During the follicular part, creatine is at its lowest together with estrogen. This can also be when most premenopausal ladies report sleeping poorly. Since creatine is thought to enhance one’s psychological resilience to sleep deprivation, taking further creatine might be a good suggestion for premenopausal ladies—and never simply main as much as and through the follicular part.

Post-menopause

Combined with resistance coaching, creatine supplementation is a promising technique for counteracting a number of the damaging results menopause can have on muscle tissue, power, bodily efficiency, and muscle atrophy.

Will Creatine Make Women “Bulky”?

Probably not a problem. Whereas creatine has constantly been proven to extend the muscle hypertrophy response to resistance coaching in males, the identical factor doesn’t actually occur in ladies who take creatine. They don’t acquire the muscle water weight that males do, they usually don’t get the increase in muscle measurement—not less than not any greater than they’d acquire from simply lifting weights. One examine in ladies discovered that creatine utilization mixed with resistance coaching elevated fat-free mass with out altering precise body weight.

Women nonetheless derive plenty of efficiency advantages from creatine utilization, seeing boosts to each power and energy and not using a huge change in measurement.

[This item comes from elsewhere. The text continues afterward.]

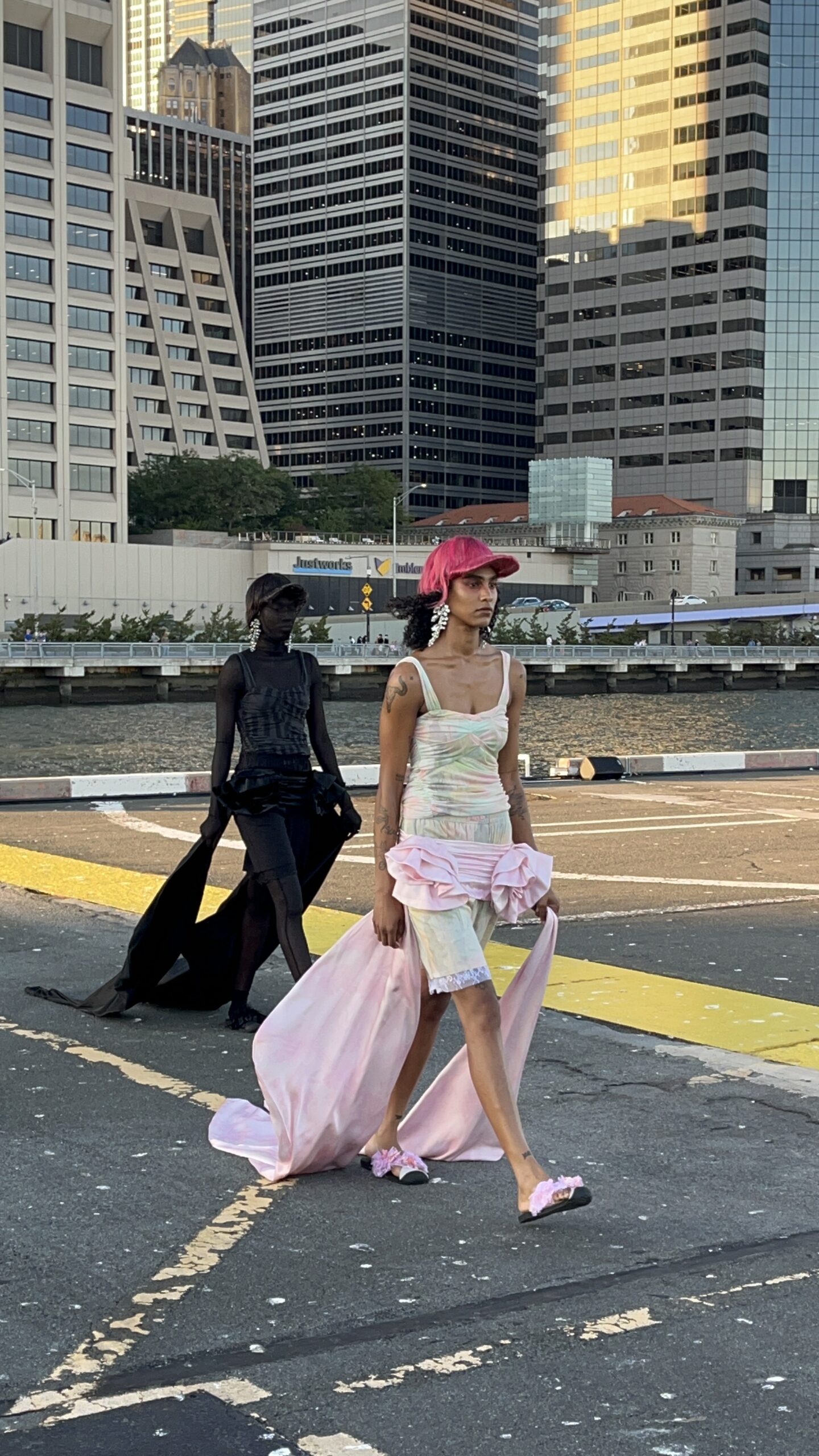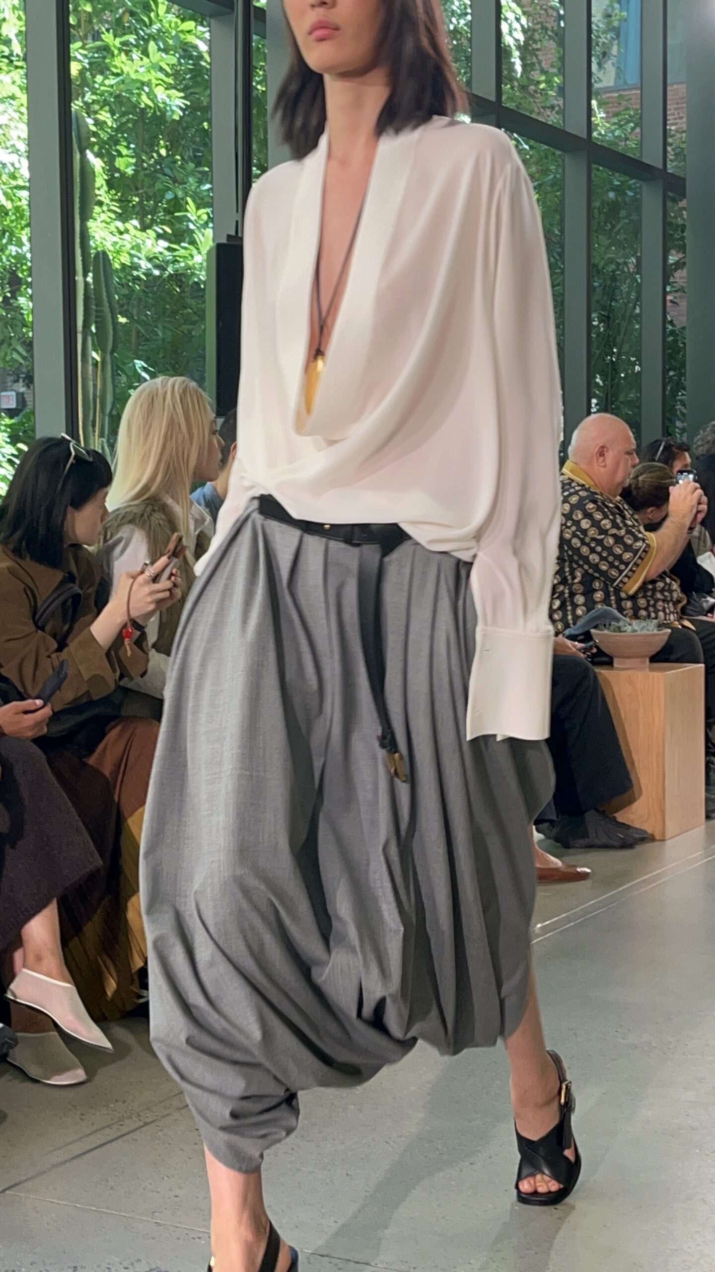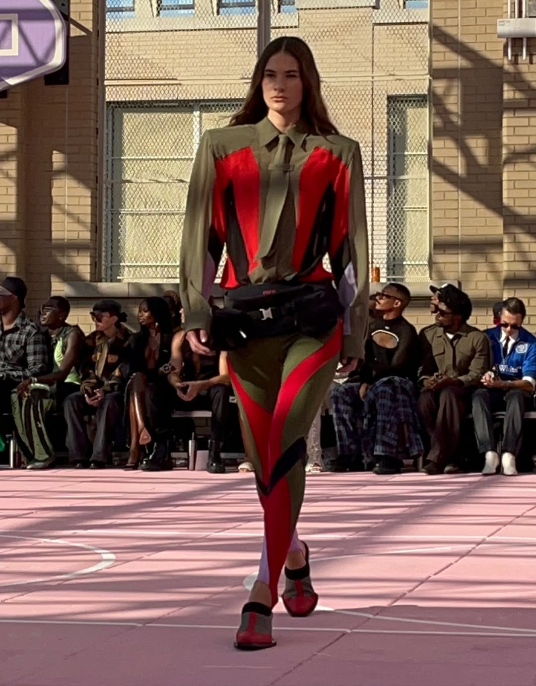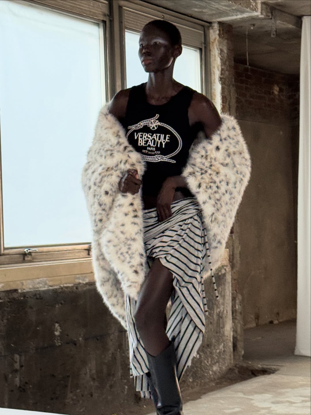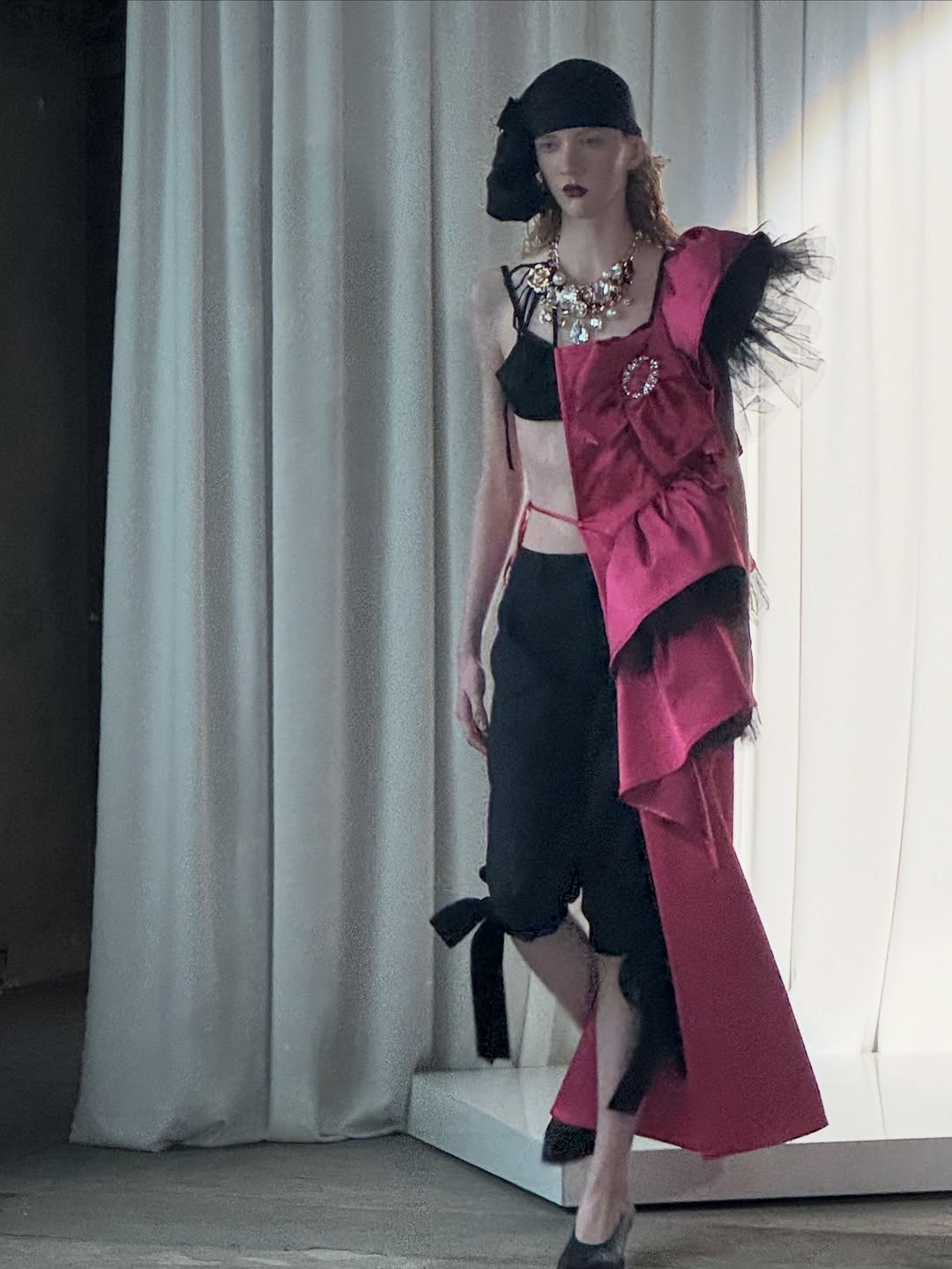 마크 뉴슨이 디자인한 무대는 마치 픽셀화된 로마의 거리처럼 보였다. 낯설면서도 익숙하고, 차갑지만 동시에 따뜻했다. 그 사이를 지나가는 옷들은 한순간 무너질 듯 가볍고, 또렷하게 자기 자리에서 버텼다. 지퍼와 드로스트링이 달린 재킷은 스포츠웨어 같았고, 동시에 밤에 피는 꽃처럼 은밀한 우아함을 가졌다.

How Much Creatine Should Women Take?

Dosing pointers are the identical as males’s: 5 grams a day.

If you wish to velocity creatine uptake within the muscle tissue, you are able to do a “loading phase” of 20 grams a day (break up up into 4 doses) for every week earlier than dropping down to five grams a day.

Make positive to drink further water, as creatine requires water for storage within the muscle, albeit not as a lot in ladies.

For all the ladies on the market, have you ever ever tried creatine? Would you?

Thanks for studying, everybody, and remember to throw in any questions you might need down beneath.

About the Author

Mark Sisson is the founding father of Mark’s Daily Apple, godfather to the Primal meals and life-style motion, and the New York Times bestselling creator of The Keto Reset Diet. His newest ebook is Keto for Life, the place he discusses how he combines the keto food plan with a Primal life-style for optimum well being and longevity. Mark is the creator of quite a few different books as nicely, together with The Primal Blueprint, which was credited with turbocharging the expansion of the primal/paleo motion again in 2009. After spending three a long time researching and educating people on why meals is the important thing element to reaching and sustaining optimum wellness, Mark launched Primal Kitchen, a real-food firm that creates Primal/paleo, keto, and Whole30-friendly kitchen staples.